Fix /v1/users/people and /v1/conversations 500 errors by beastoin · Pull Request #5441 · BasedHardware/omi

beastoin · 2026-03-08T01:36:51Z

Summary

Bug: /v1/users/people returns 500 — ResponseValidationError on Person model #5423: /v1/users/people returns 500 (ResponseValidationError) because get_people() returns raw to_dict() without injecting the Firestore document ID, and Person model requires id, created_at, updated_at as non-optional. Fix: inject doc ID via setdefault('id', doc.id) in all person query functions + make created_at/updated_at Optional.
Bug: /v1/conversations returns 500 — response exceeds Cloud Run 32MB size limit #5424: /v1/conversations returns 500 ("Response size was too large") because @with_photos decorator loads full base64 photo content for every conversation in the list. 50 convos × ~1.2MB = ~57MB exceeds Cloud Run 32MB limit. Fix: switch list endpoint to get_conversations_without_photos() (photos load on individual GET only).

Changes

File	Change
`backend/models/other.py`	Make `Person.created_at` and `updated_at` Optional with None default
`backend/database/users.py`	Inject doc ID in `get_person()`, `get_people()`, `get_person_by_name()`, `get_people_by_ids()`
`backend/database/conversations.py`	Add `folder_id` and `starred` params to `get_conversations_without_photos()`
`backend/routers/conversations.py`	Switch list endpoint from `get_conversations()` to `get_conversations_without_photos()`
`backend/tests/unit/test_people_conversations_500s.py`	14 regression tests for both fixes
`backend/test.sh`	Add new test file to test runner

Review cycle changes

Round 1: Switched get_people_by_ids() from where("id", "in", ...) to db.get_all() with document refs — legacy docs missing stored id field would not be returned by the query approach.
Round 1: Added 10 regression tests (3 Person model, 5 doc ID injection, 2 conversations list).
Round 2: Added 4 more tests per tester feedback: large batch >30 IDs, empty list boundary, decorator verification for @with_photos presence/absence.

Test evidence

14/14 unit tests pass
Live dev Firestore validation: legacy person docs (no id/timestamps) pass Person model, get_conversations_without_photos returns 0 photos

Closes #5423
Closes #5424

🤖 Generated with Claude Code

by AI for @beastoin

Legacy Firestore person documents may lack these fields, causing ResponseValidationError (500) on /v1/users/people for 8 users.
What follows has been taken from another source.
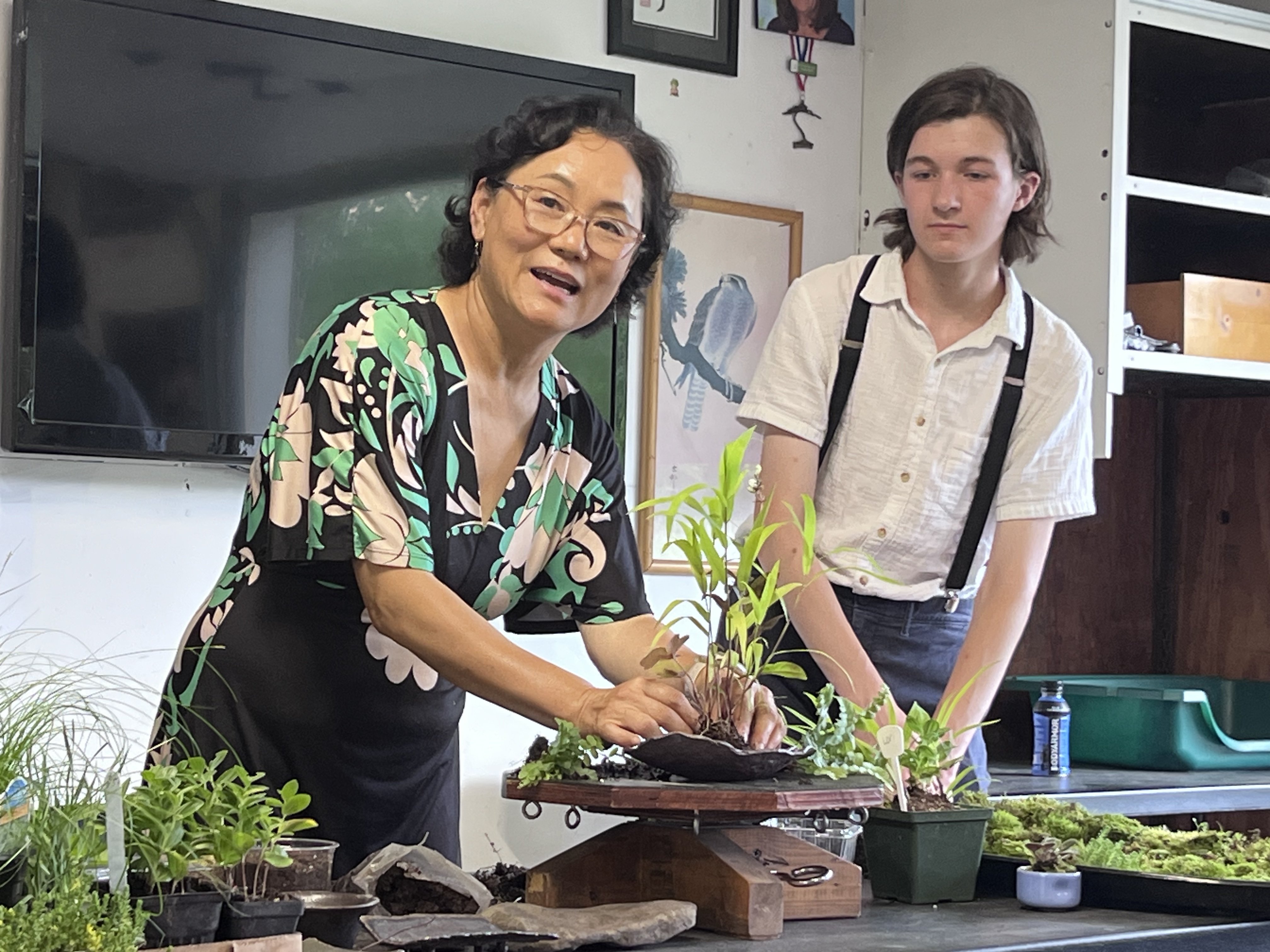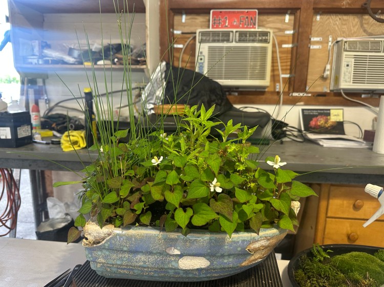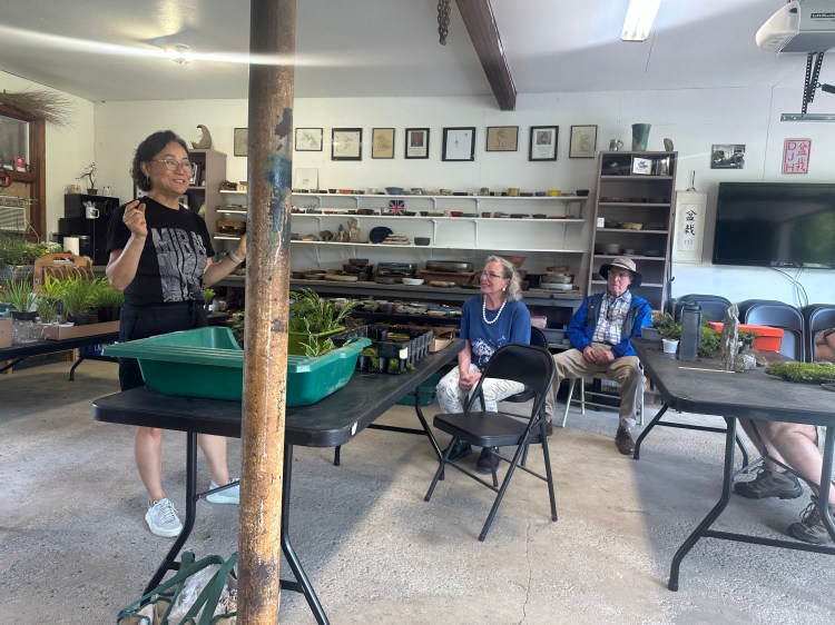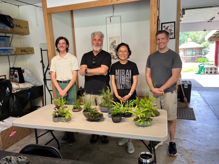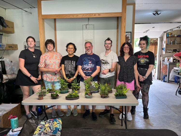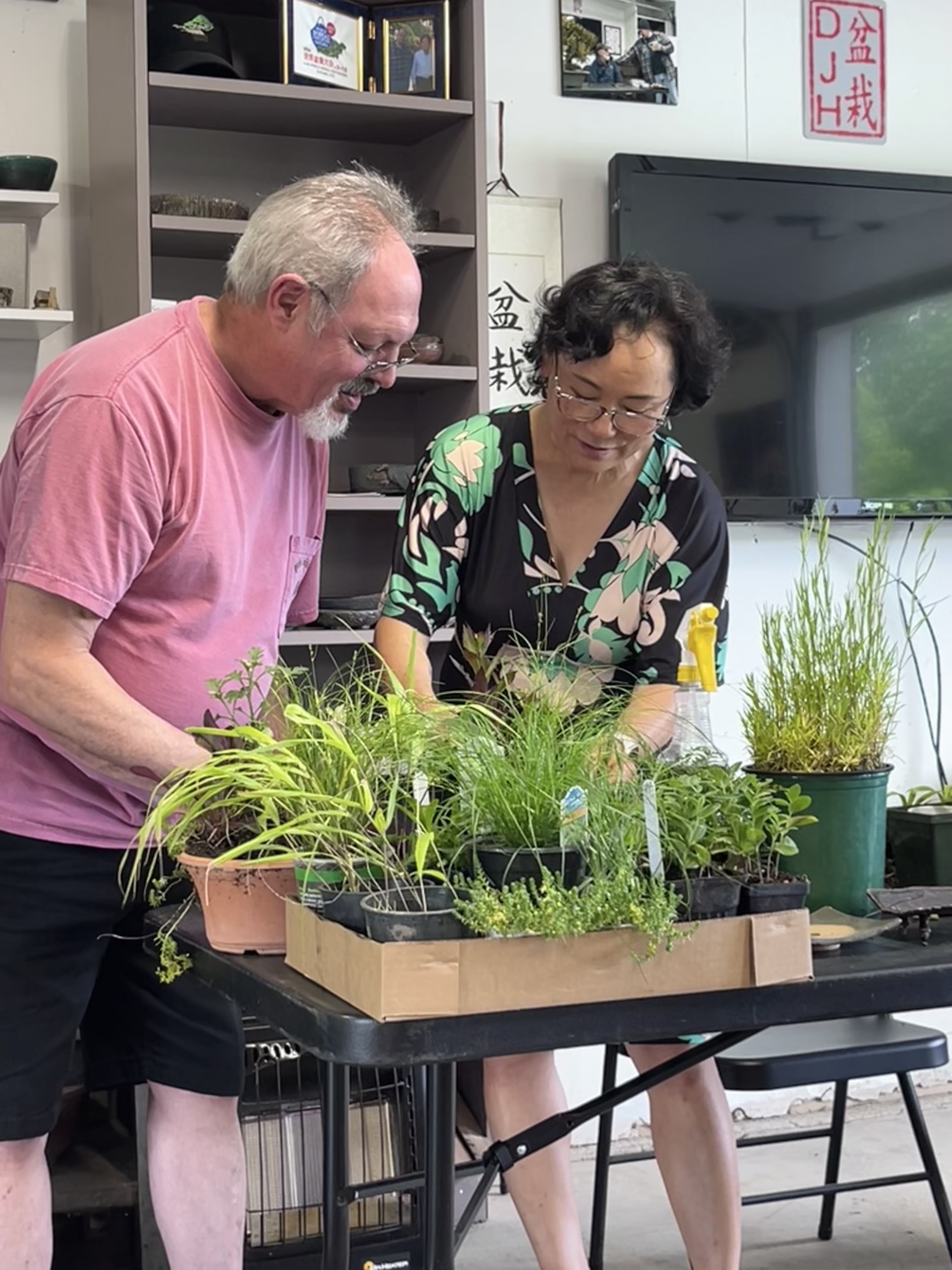 Young gave tips, teaching, and doses of humor in between working with each of the workshop registrants. She spoke about types of plants selected for kusamono, soil, moss, and plant care. A special thank you to Dave and Lori Hodgetts and DJH Bonsai for hosting and to Tom and Sandy Kiszkiel for providing material and kind, experienced help as well!

Make both fields Optional with None default. Fixes part of #5423 Co-Authored-By: Claude Opus 4.6 <[email protected]>

get_people(), get_person(), get_person_by_name(), get_people_by_ids() all returned raw to_dict() without the document ID. Legacy docs missing the 'id' field caused ResponseValidationError on Person model. Fixes #5423 Co-Authored-By: Claude Opus 4.6 <[email protected]>

Enables the list endpoint to use this lighter function that skips loading full base64 photo content per conversation. Fixes part of #5424 Co-Authored-By: Claude Opus 4.6 <[email protected]>

GET /v1/conversations was loading full base64 photos for every conversation via @with_photos decorator. 50 convos x 1.2MB = 57MB exceeded Cloud Run 32MB response limit. The list endpoint doesn't need photo content — individual conversation GET still loads them. Fixes #5424 Co-Authored-By: Claude Opus 4.6 <[email protected]>

greptile-apps · 2026-03-08T01:41:44Z

Greptile Summary

This PR fixes two production 500 errors: /v1/users/people (ResponseValidationError due to missing Firestore document IDs) and /v1/conversations (payload too large due to loading base64 photos for every conversation). It also bundles an unrelated but useful improvement to the pusher conversation-processing retry mechanism.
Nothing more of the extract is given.